このたび初段昇段審査を受審させて頂き、誠に有り難うございました。このような機会を与えて下さった市川雅也師範をはじめ、恩師である山本隆史先生、諸先生、諸先輩そして道場生の皆さんに対して、厚く御礼申し上げます。
振り返りますと、三十八才の秋に入門させて頂いてから十一年が経ちました。末っ子が小学生に入学したのをきっかけに、武道を通じて自分自身を心身両面から鍛え直したいと思い、当時、山本隆史先生がご指導されていた道場に入門させて頂いたのがはじまりです。以来、年数だけは長いのですが仕事の関係で稽古に参加できないことも多く、内容は甚だ心許ない限りです。また、正直なところ、辛く厳しい稽古に足が遠のいた時期もありました。

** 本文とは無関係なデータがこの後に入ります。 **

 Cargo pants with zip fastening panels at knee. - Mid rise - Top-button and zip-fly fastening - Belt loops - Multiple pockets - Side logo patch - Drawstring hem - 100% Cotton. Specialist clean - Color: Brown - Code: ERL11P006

そんな不甲斐ない自分に対して、山本先生からはいつも励ましの言葉をかけて頂き、困難に立ち向かうこと、あきらめないことの大切さを教えて下さいました。あらためて心から感謝申し上げます。
昇段審査では、基本、移動、型その他どれをとっても満足できる内容ではありませんでしたが、とりわけ十人組手について、自らの修行不足を痛感させられる結果となりました。昨秋の五人組手の苦しい経験から自分なりに覚悟して、減量、摂生、とともに走り込みなどのスタミナ強化にも取り組んだつもりでおりましたが、実際の十人組手は予想をはるかに超える過酷なものでした。普段、道場で教わっていることが何もできません。どころか、三人目を終えた頃には完全に息が上がってしまい、対戦相手の攻撃を受け続けるなかで意識が朦朧となっていくのが分かるほどでした。それでも皆さんの温かい声援に支えられて、何とか最後まで立っていることができたものの、自分自身の未熟さを思い知らされる審査となりました。しかし、これが現在の自分の偽らざる実力であると厳しく反省し課題をもって日々の稽古を続けていきたいと思います。

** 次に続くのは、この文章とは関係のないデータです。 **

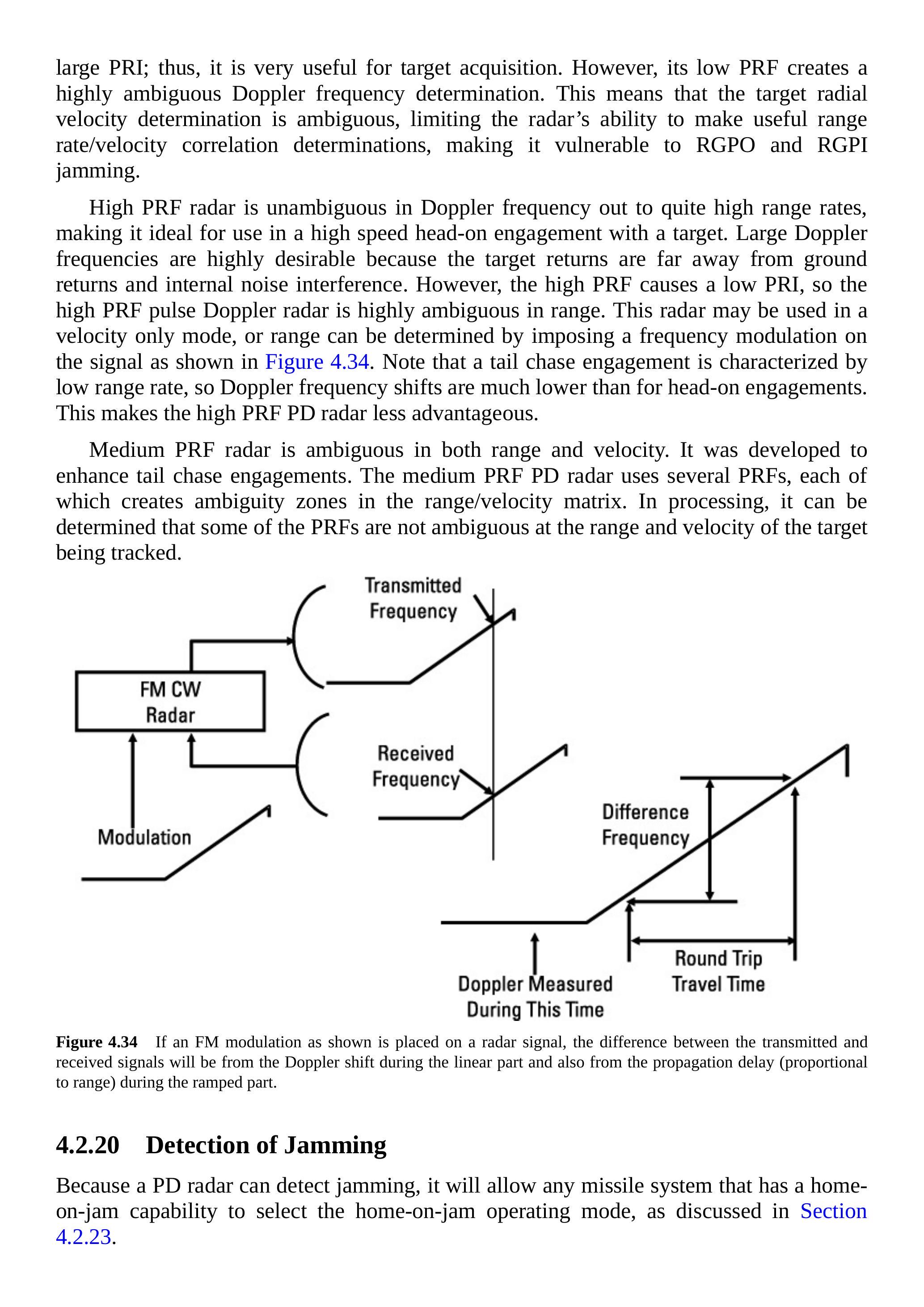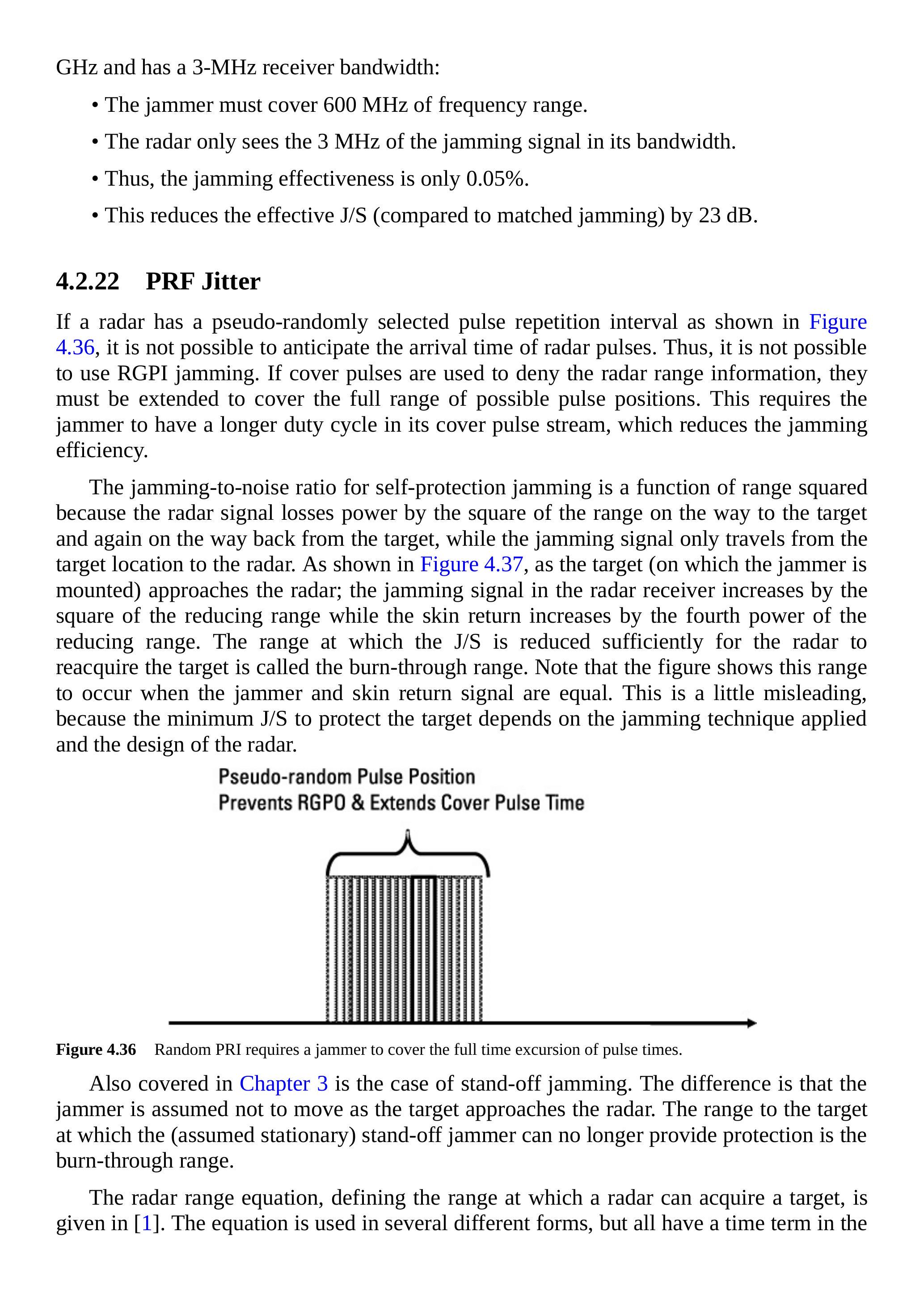 如果威胁雷达采用伪随机脉冲重复间隔,即抖动PRF,就无法预测下一个脉冲的时间。这使RGPI干扰技术不可行。同时,覆盖脉冲干扰(需要预测脉冲时序)也无法高效生成(见第4.2.20节)。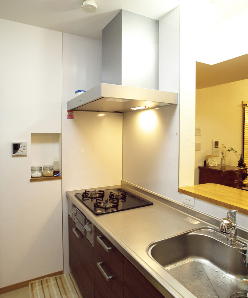 ▷ 料理中の臭いや排気に配慮し、ガスコンロ前にあえて壁を造作。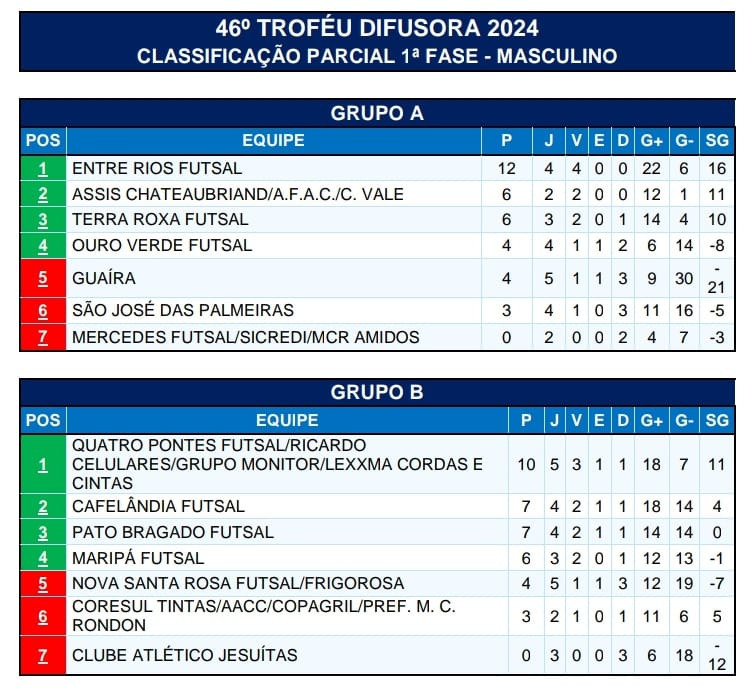Segue perfeita a campanha de Entre Rios Futsal no Troféu Difusora 2024. Nesta quinta-feira (20), no ginásio Laudir Anderle, o time dirigido pelo técnico Andrei Draghetti venceu São José das Palmeiras por 3 a 2, de virada, e disparou na liderança do Grupo A, agora com 12 pontos em quatro jogos.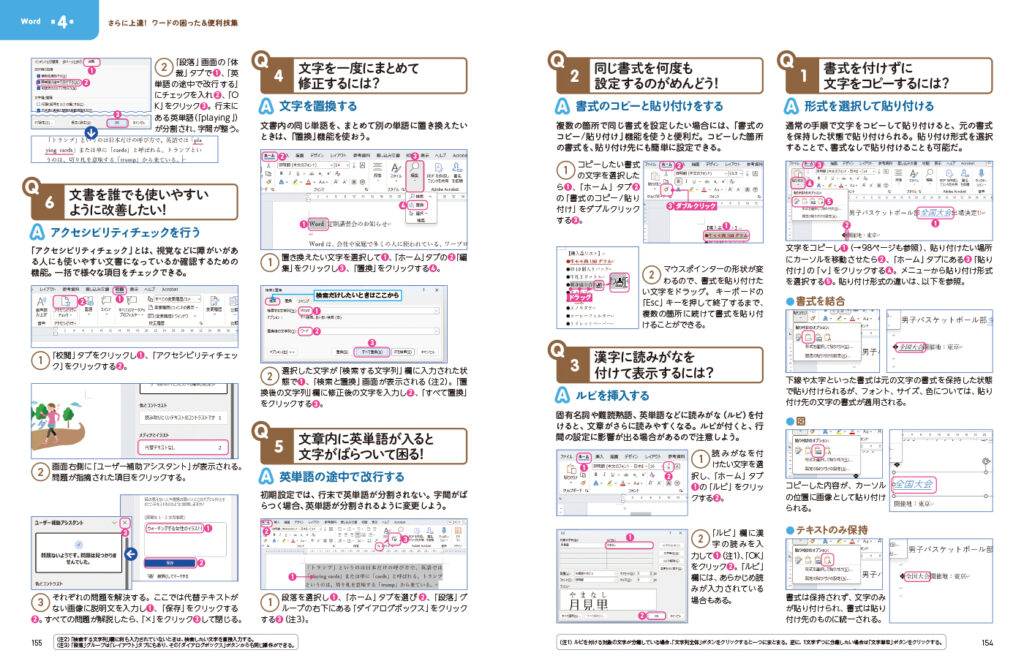 エクセル編、ワード編のそれぞれで、困ったときの対処法がわかるQ&Aを収録しています。

ここに至るまで、人の何倍もの時間がかかりました。その間、年々体力が衰えていくとともに、家庭や仕事において様々な変化が起きたことにより、空手を続けるのが困難な状況にも何度か直面しました。しかし、今となっては諦めないでよかったとつくづく思っています。あきらめたらそこで終わりですが、あきらめない限り何度でもやり直すことができます。これを機に、もう一度初心に戻って稽古に励みたいと思います。まだまだ分不相応ではありますが、初段という帯に恥じないよう、真の黒帯に少しでも近づけるよう、心身の鍛錬を怠らず精進していく所存です。引き続き御指導よろしくお願い申し上げます。押忍。